> [Problem to solve]: Would you output the lines from the one with "サトウの生涯について展示" through the last line of the material below, exactly, but without pictures?

> [Raw data]:

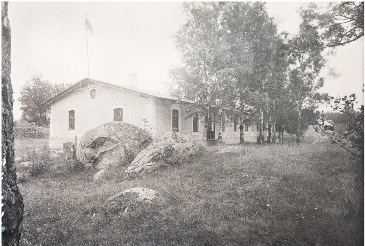
Foto 3. Käsmu kordonihoone, vaade idapoolsele otsafassaadile ja tagafassaadile u 1920-30.
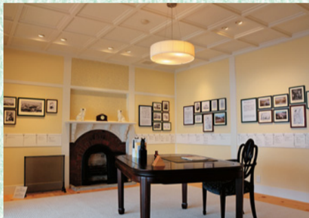
サトウの生涯について展示

旧英国大使館別荘の歴史は、英国の外交官で明治維新に大きな影響を与えたといわれるアーネスト・サトウが、明治29年に建てた山荘までさかのぼります。故郷である英国の“湖水地方”を思い起こさせる中禅寺湖の眺めに魅了されたサトウは、南岸に建てたその山荘で、趣味の登山や植物採取を楽しみました。
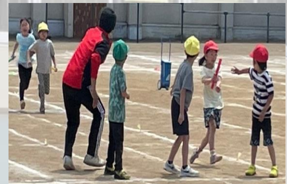
#低学年リレー#バトンをしっ かり次の人へ#3年生が1・2年 生のお手本に#チームをまとめ ます#緑軍#赤軍#黄色軍#応援 も最高潮!!

> [Your response]:
サトウの生涯について展示

旧英国大使館別荘の歴史は、英国の外交官で明治維新に大きな影響を与えたといわれるアーネスト・サトウが、明治29年に建てた山荘までさかのぼります。故郷である英国の“湖水地方”を思い起こさせる中禅寺湖の眺めに魅了されたサトウは、南岸に建てたその山荘で、趣味の登山や植物採取を楽しみました。
#低学年リレー#バトンをしっ かり次の人へ#3年生が1・2年 生のお手本に#チームをまとめ ます#緑軍#赤軍#黄色軍#応援 も最高潮!!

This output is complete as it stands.